Since these proteins co-precipitated in an MMC-dependent manner, we next wanted to determine whether MSH2 and MLH1 interact with FANCD2-S or FANCD2-L. Endogenous FANCD2 was immunoprecipitated from whole-cell extracts of human cell lines deficient in several different FA core complex proteins or stably expressing wild-type FANCD2 or the ubiquitylation-resistant form of FANCD2 (K561R). Immunoblotting revealed that MSH2 co-precipitates with FANCD2 only in cells expressing wild-type FANCD2 and not in cells deficient in any core complex protein or in cells expressing only FANCD2-K561R (Fig. 2A). Immunoblotting was used to confirm that each cell line used failed to express detectable levels of the respective FA protein (data not shown; 28).
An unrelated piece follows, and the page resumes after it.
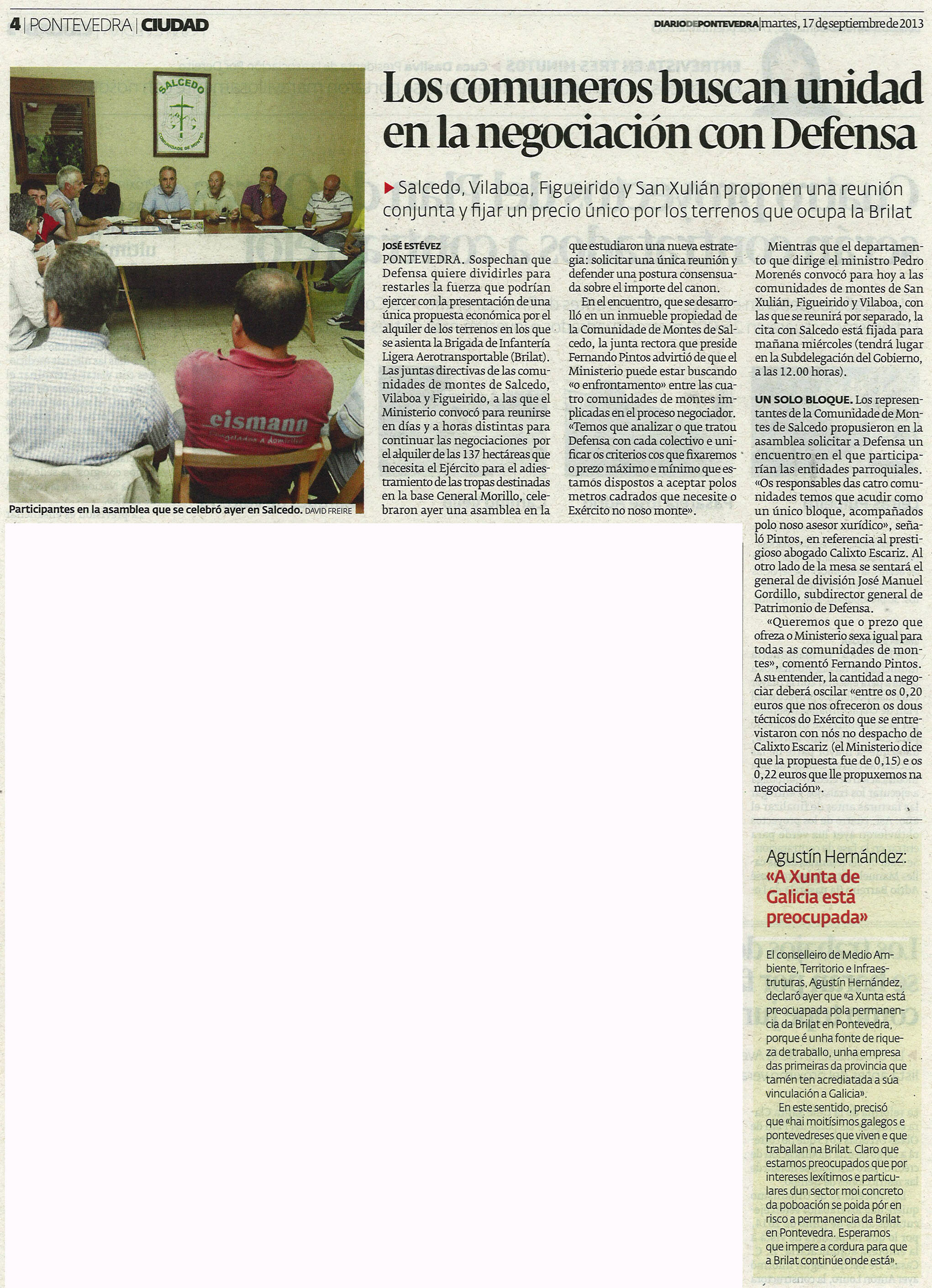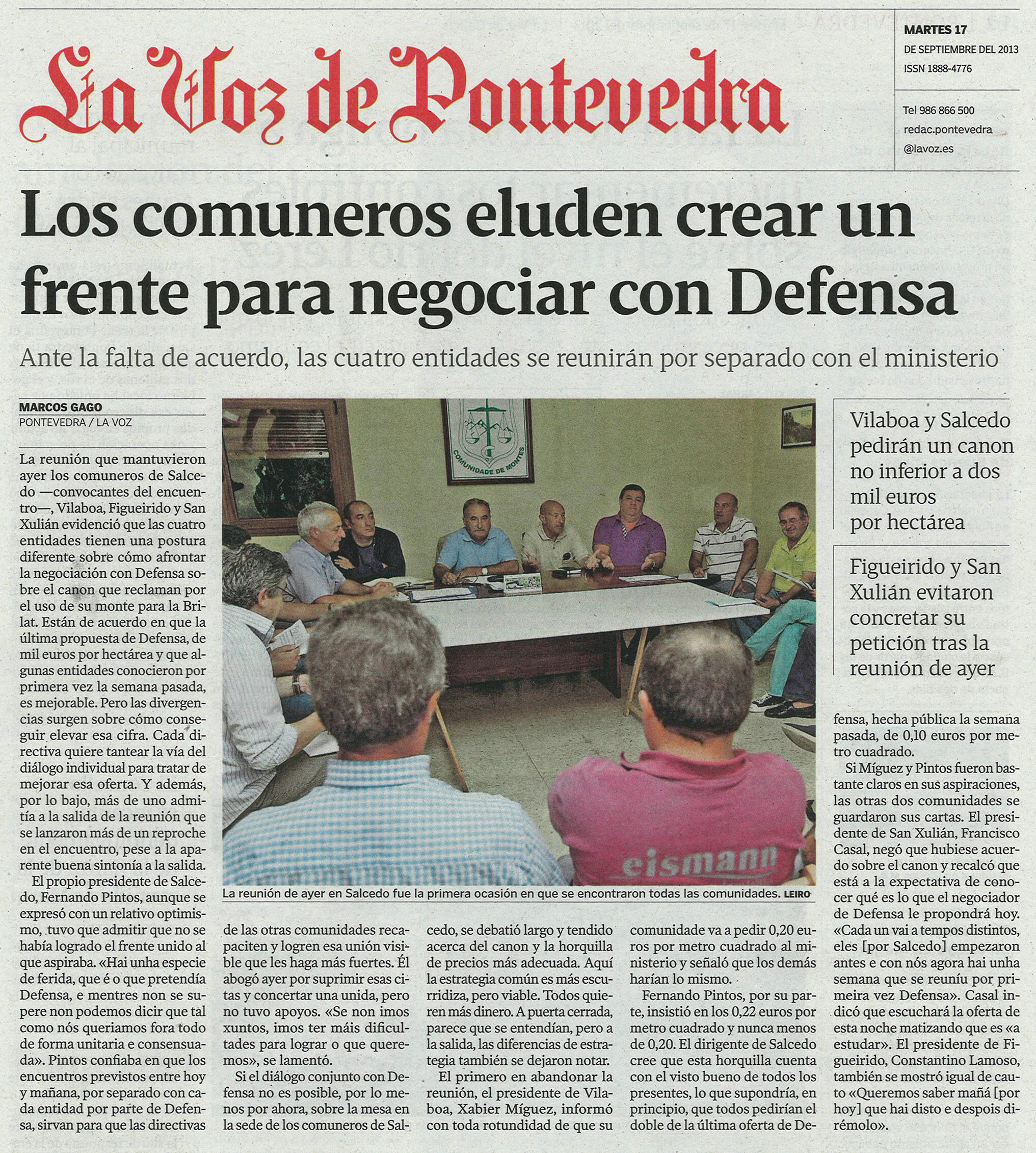 Non foi posible acadar o acordo que a Comunidade de Montes de Salcedo lle plantexou este luns aos directivos dos comuneiros de Vilaboa, Figueirido e San Xulián: a priori, as dificultades non radicaban tanto na valoración dos terreos por parte das comunidades, senón na negativa por parte de San Xulián e Figueirido, principalmente, para formar parte desa fronte común. Os presidentes destas dúas comunidades marcharon explicando, logo de hora e media de reunión, que querían acudir pola súa conta ao encontro ao que Defensa os convocara individualmente. O de Figueirido argumentaba que só tiveran dúas entrevistas cos representantes do Ministerio; o de San Xulián, que só falaran oficialmente nunha ocasión. A diferenza entre as dúas comunidades é que, mentres os de Figueirido xa celebraron hai uns días unha asemblea de comuneiros para informar da evolución das conversas, en San Xulián non houbo ningunha convocatoria de asemblea xeral recente e os comuneiros non votaron nin aprobaron nada.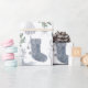 Papier d'emballage de Noël à l'allure scandinave imprimé dans des tons gris et vert turquoise avec rennes, bas, arbres de Noël et couronnes. Faites une pause dans l'enveloppement traditionnel de Noël rouge et vert et essayez ce design élégant et amusant.

These data demonstrate that MSH2 interacts with FANCD2-L, as FANCD2 cannot be ubiquitylated when any member of the core complex is missing or when cells express the FANCD2-K561R mutant protein.

Figure 2.

Figure 2.

Characterization of the FANCD2–MSH2 and FANCD2–MLH1 interactions. (A) Endogenous FANCD2 was immunoprecipitated from whole-cell extracts of human cell lines deficient in FA core complex proteins or stably expressing wild-type FANCD2 or FANCD-K561R after an 18 h treatment with 50 nm MMC. MSH2 co-precipitates with FANCD2-L only. (B) Endogenous FANCD2 was immunoprecipitated from whole-cell extracts of cell lines deficient in ATR, ATM and BRCA1 after an 18 h treatment with 50 nm MMC. ATR is required for the interaction of FANCD2 and MSH2, but not ATM or BRCA1. (C) Endogenous FANCD2 was immunoprecipitated from extracts of MSH2-deficient and corrected cells that are untreated or treated with MMC for 24 h. MLH1 does not co-precipitate with FANCD2 in MSH2-deficient cells. (D) Endogenous FANCD2 was immunoprecipitated from MLH1-deficient cell extracts that are untreated or treated with MMC for 24 h. MSH2 co-precipitates with FANCD2 to a greater extent in MLH1-corrected cells, indicating that MLH1 enhances the interaction between FANCD2 and MSH2.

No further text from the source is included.